Страница 6 из 66
— Не скули, — приказал Глухов. — Не ставил я никаких петель… Я ее из трясины вытянул. Увязла она.
— Зверь-то? В трясину? — засомневалась Людмила, — Ой, плохо верится! Ой, плохо верится!.. Да у нее, что ли, глаз нет?
— Замолкни, говорят… — Иван сунул вилы обратно под крыльцо. — А если бы никто не узнал… тогда б что делала?
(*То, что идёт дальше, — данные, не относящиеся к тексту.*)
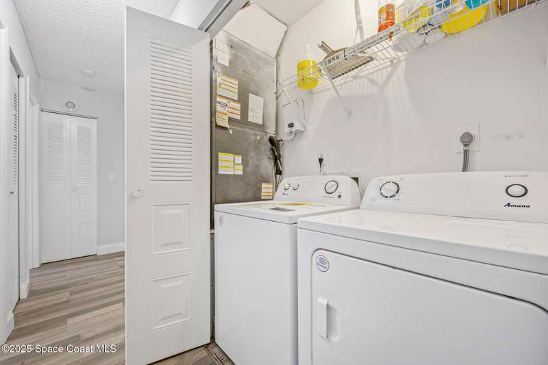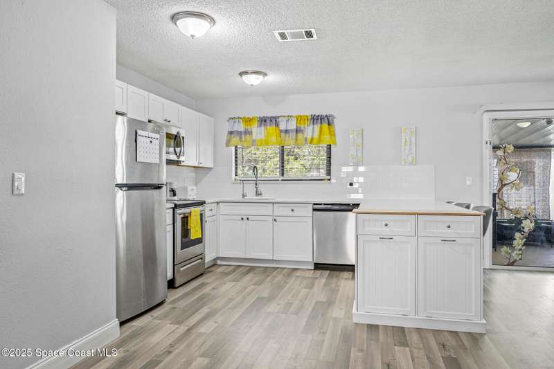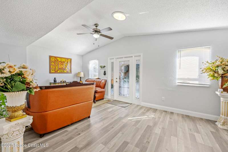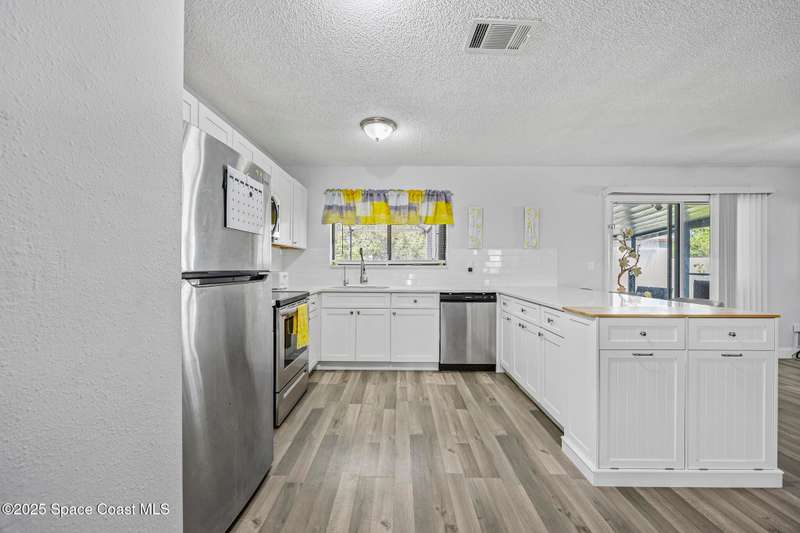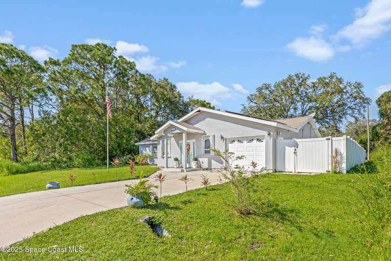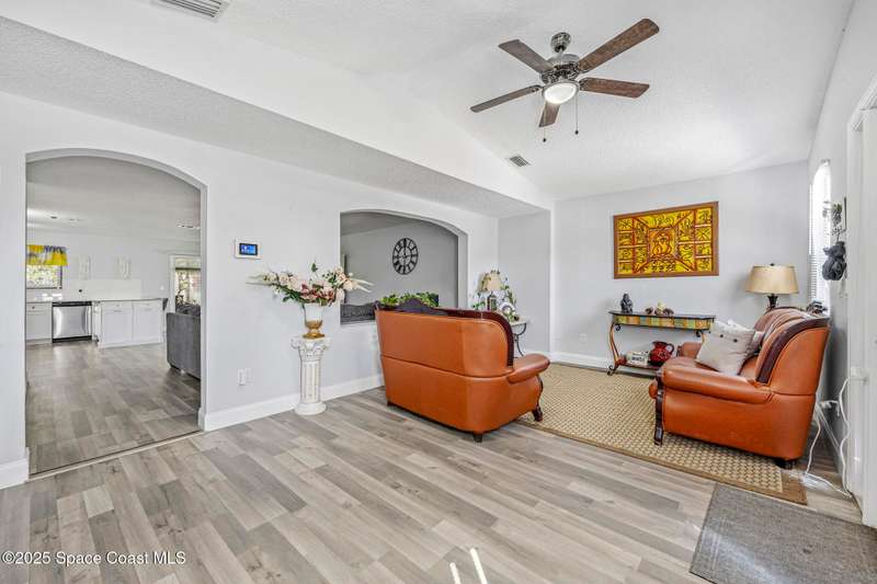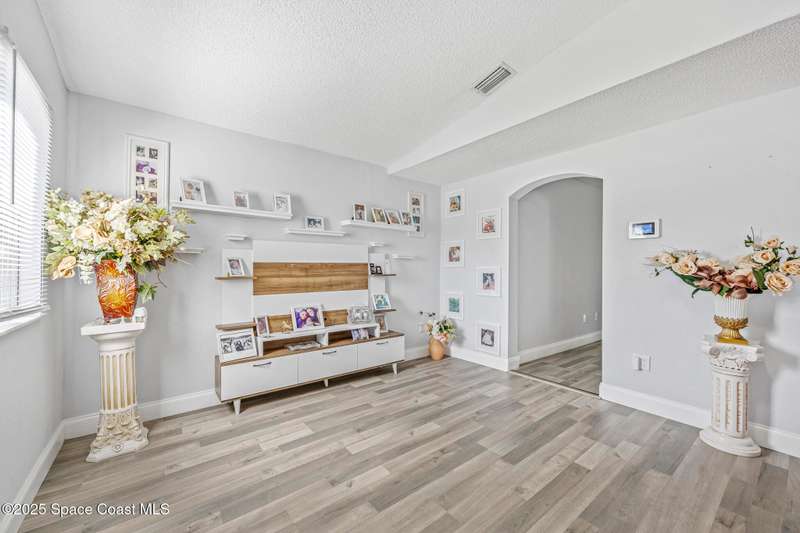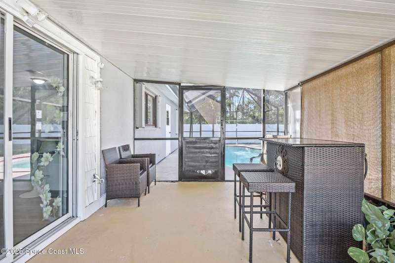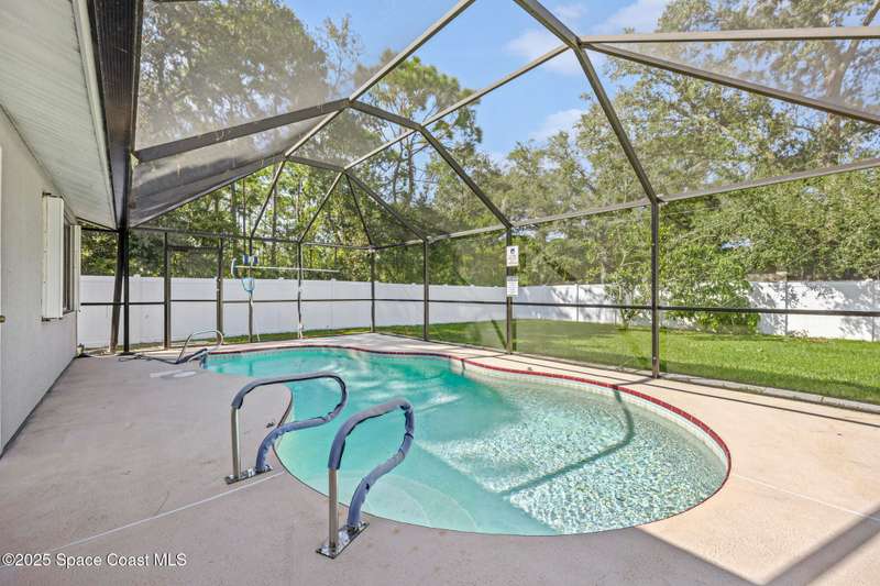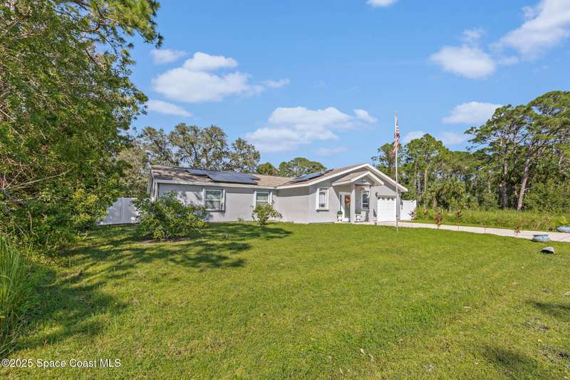 Beautiful home packed w/ upgrades and a newly replaced roof (10/2024)! Inside, enjoy vinyl flooring, modern fixtures, and a versatile bonus room. The kitchen features quartz countertops, soft-close shaker cabinets, subway tile backsplash, and stainless steel Frigidaire appliances (2022). Both bathrooms have updated vanities and fixtures. Additional features include a washer/dryer, water treatment system (2022), security system, and solar panels (2022). Outside, relax by the screened pool and covered lanai surrounded by manicured landscaping and a white vinyl fence (2022). Hurricane shutters, a storage shed, and a replaced pool pump (2023) add even more value. Located on a quiet street with no HOA, close to schools, shopping, and beachesthis home offers the perfect blend of comfort, efficiency, and Florida lifestyle.
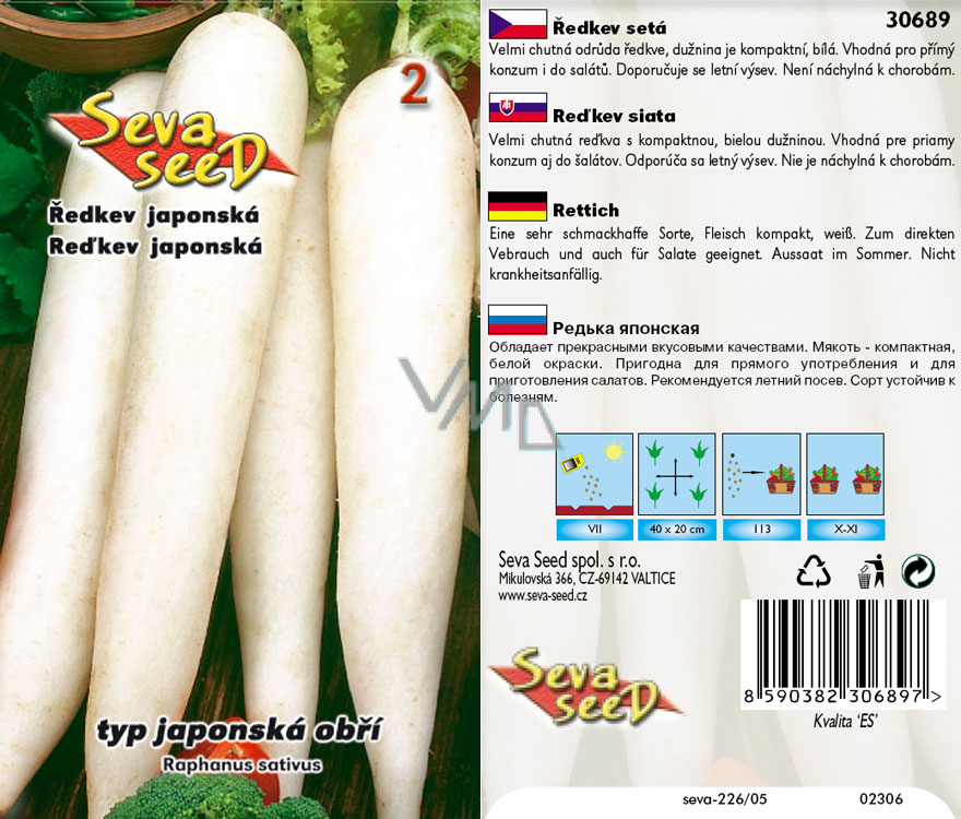 Velmi chutná odrůda ředkve. Její dužina je kompaktní, bílá. Je vhodná pro přímý konzum i do salátů. Doporučuje se letní výsev a není náchylná k chorobám.
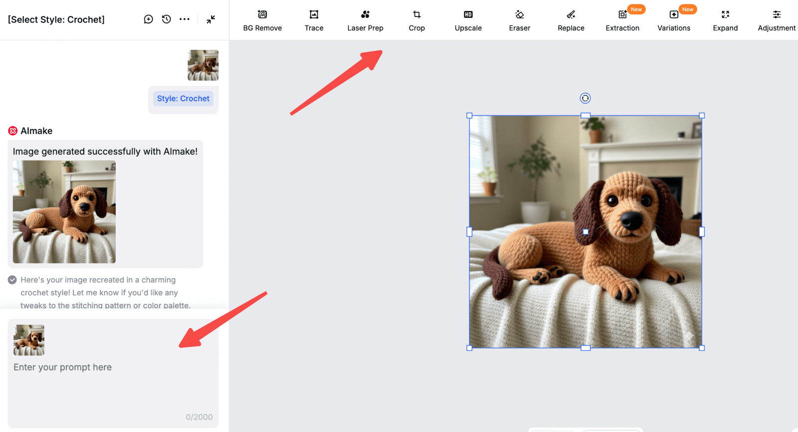 Your generated crochetstyle images can be printed directly onto everyday items, from Tshirts, hoodies, and canvas tote bags to decorative patches that mimic sewn icons like hearts or stars. You can even turn a customer’s pet photo into a lasting “forever” crochet portrait on canvas, offering a stylish, hypoallergenic gift. Explore more ways to showcase your designs in our Print Projects collection, where you’ll find inspiration for apparel, accessories, and custom keepsakes.
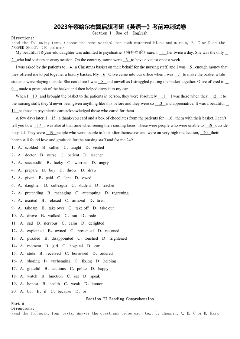 2023年察哈尔右翼后旗考研《英语一》考前冲刺试卷SectionIUseofEnglishDirections:Readthefollowingtext.Choosethebestword(s)foreachnumberedblankandmarkA,B,CorDontheANSWERSHEET.(10points)Mybeautiful18-year-olddaughterwasadmittedtopsychiatric(精神病的)care.I1hertwiceaday.Shewastheonly2wh
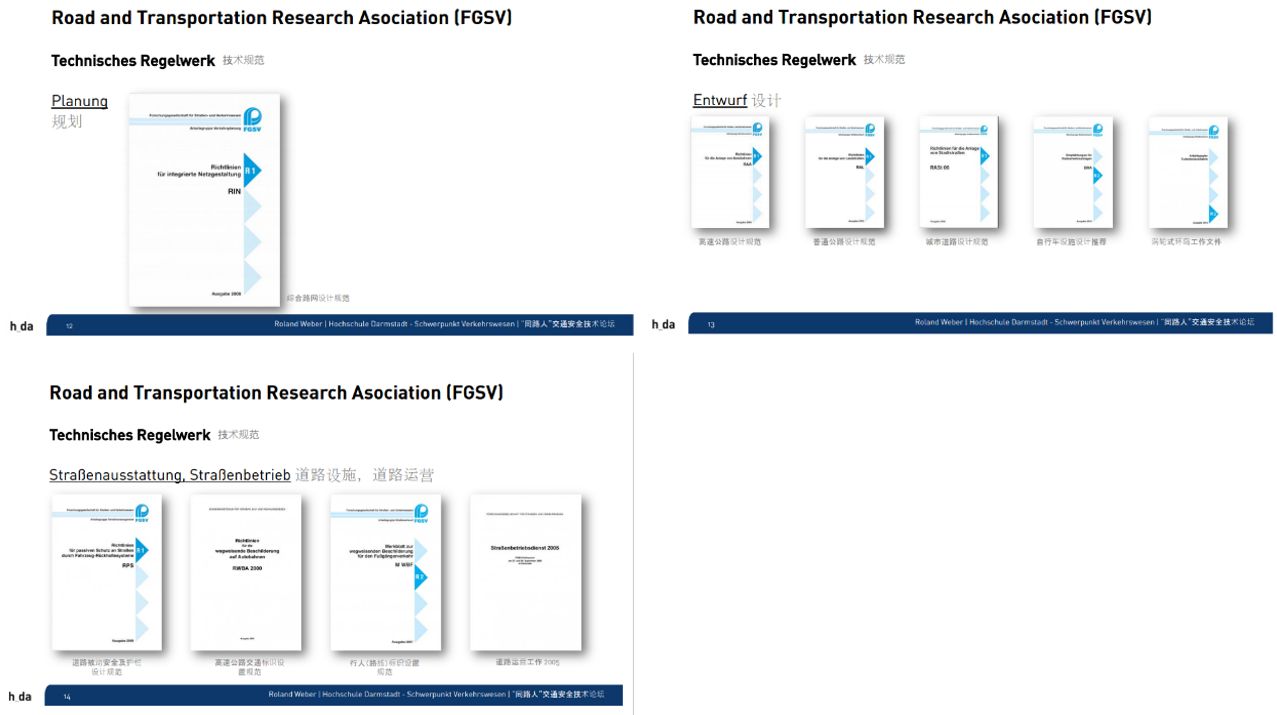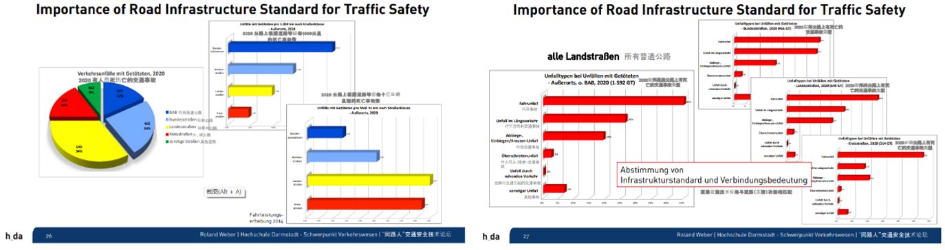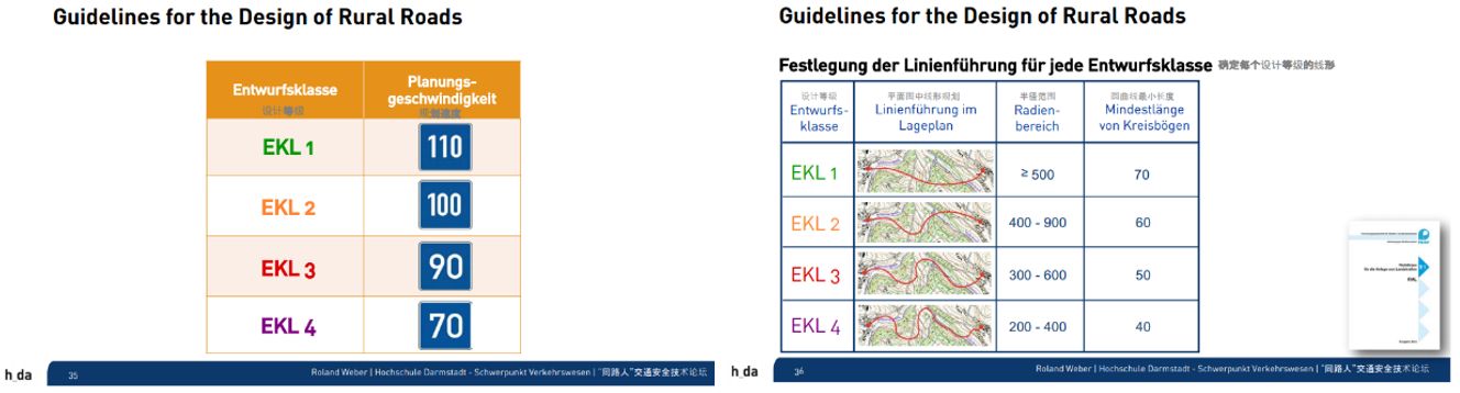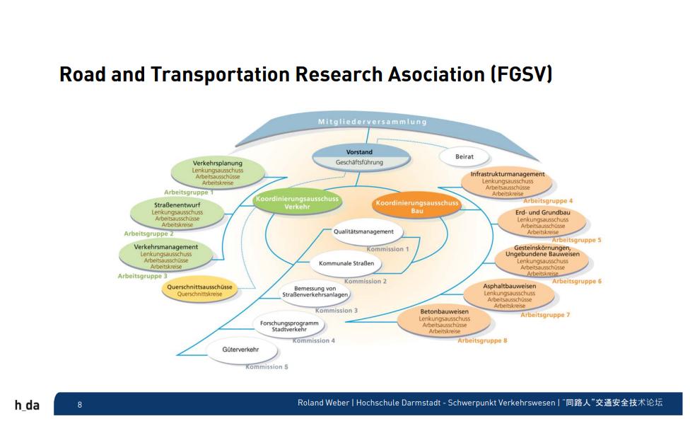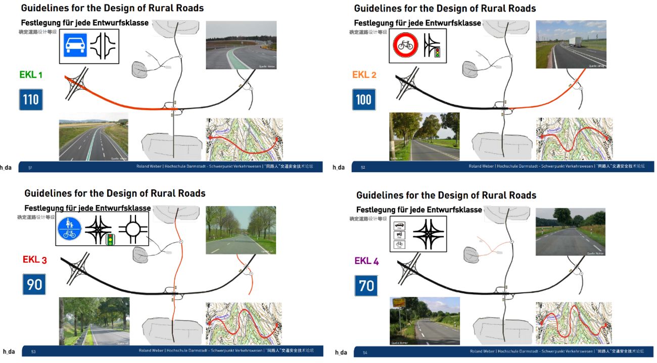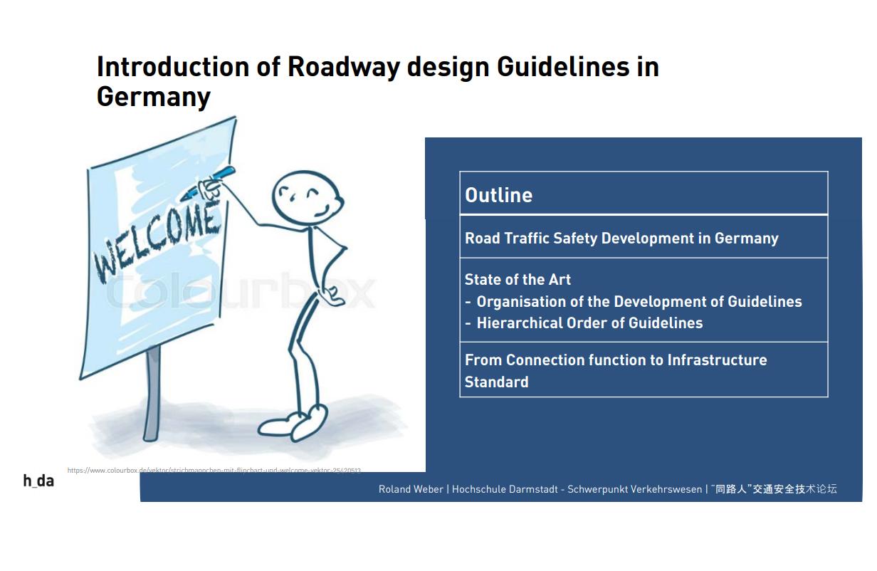 本次讲座,Roland Weber教授重点介绍了德国道路交通设计规范体系。首先对德国道路交通安全发展历程进行简单回顾,随后从道路交通相关组织机构的发展、不同道路等级的设计规范等方面对技术现状进行介绍,并以普通公路为例对设计规范的确定进行详细说明。
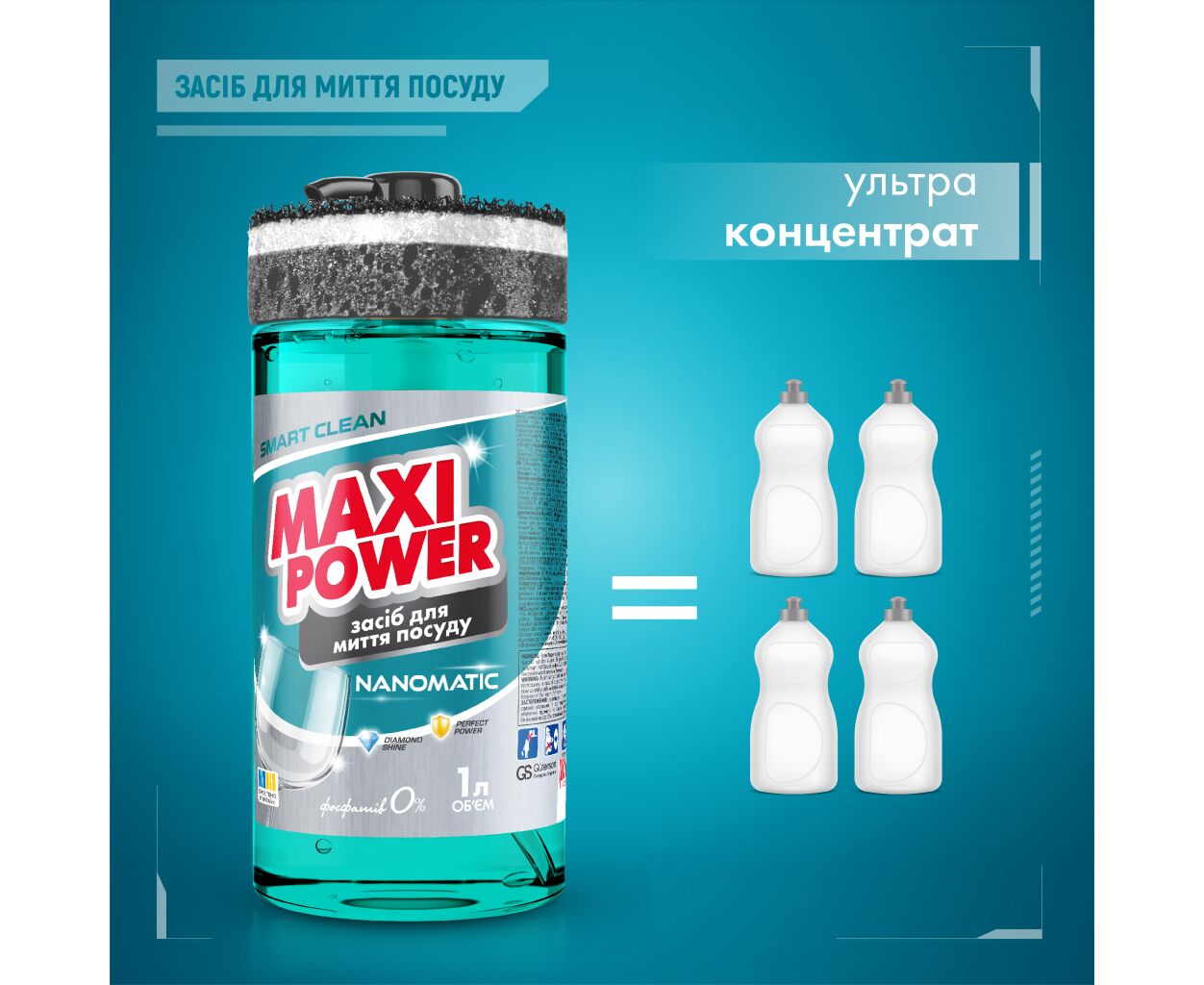 Средство для ручного мытья посуды Maxi Power Nanomatic 1 л (4820204703400)
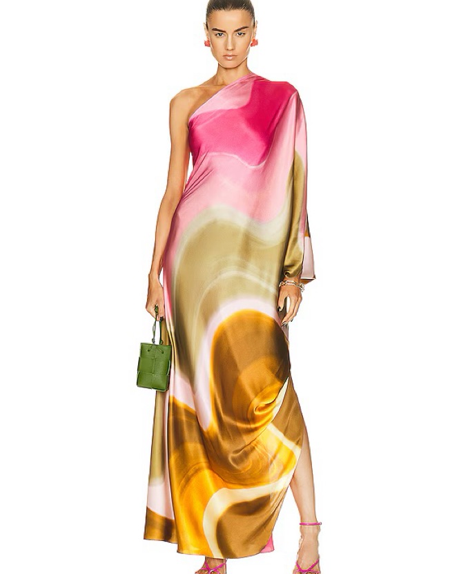 Satin One-Shoulder Maxi Dress by Silvia Tcherassi - Pickle
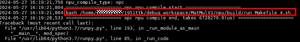 - 手动拷贝gen_tiling_data_cmd后的所有命令,在终端窗口执行,通过打屏或者落盘的日志文件进一步分析问题。
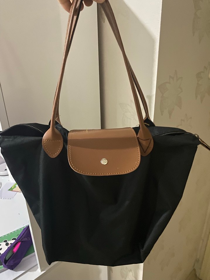 Kahverengi deri saplı, fermuarlı kadın çantası, günlük sokak stiline uygun koyu renk tasarıma sahip. Katlanabilir Orjinal Çanta
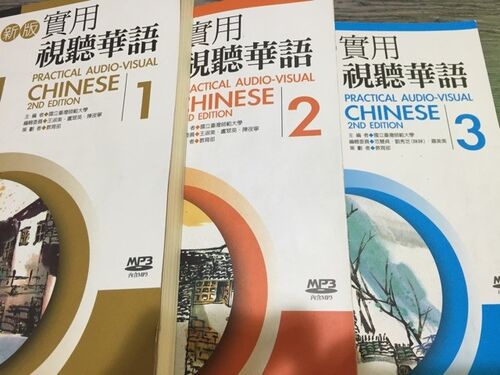 台湾の殆どの大学付属の語学学校では同じ教科書が使われて授業が行われています。何の教科書かと言うと、『實用 視聽華語』という主編者:國立臺灣師範大學の物を使います。第1〜第5までの5冊で、数字が上がるごとに難しくなります。日本で入手を試みるなら東…
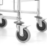 De HENDI afruimwagen 15x is een robuuste en praktische oplossing voor het efficiënt vervoeren van trays in professionele keukens. Gemaakt van hoogwaardig roestvast staal, beschikt de afruimwagen over geprofileerde geleiders met een tussenafstand van 80 mm, waardoor stabiel opgeborgen kan worden tot 15 GN 1/1-, 30 GN 1/2- of 45 GN 1/3-trays. Voorzien van grote rubberen zwenkwielen en beschermende stootranden zorgt hij voor soepele bewegingsvrijheid en duurzaamheid, waardoor het een ideale keuze is voor drukke cateringomgevingen.

— Хорошо, что узнали. Очень хорошо… Не то бы с тобой вовсе не сладить. Тебе ведь что взбредет в голову…
— Дура! — надрывно закричал Глухов. — Без всякого понятия баба! Тут как лучше стараешься…
Людмила, закусив губу и едва сдерживая слезы, потянула за рукав Мишку:
— Пошли, сын, отсюда. Пусть он здесь один на здоровье бесится.
И Людмила с Мишкой поднялись на крыльцо.
— В печку там дров подбросьте, — грозно наказал Глухов, — воду быстро греть. Зверя свежевать буду.
Мишка и Людмила замерли.
— Ты в своем уме? — спросила, не оглядываясь, Людмила. — Ночь на дворе, а он… Все равно ведь придется сдать.
— Придется, придется, — передразнил Глухов. — А вдруг да и пронесет еще. Мало ли что весь поселок знает. В конце концов, кому какое дело? Я ведь не у них взял… Или вы первые доносить побежите?
— Идем, Миш, скорее, — заторопила Людмила, — совсем уж у нас отец-от…
— Ты меня слышала, нет? Воды, говорю, побольше нагрей.
Людмила не ответила. Толкая впереди Мишку, скрылась за дверью.
«Начинается, — с досадой подумал Глухов, — зауросила опять… Сейчас от нее ни дела не стребуешь, ни слова путного не добьешься».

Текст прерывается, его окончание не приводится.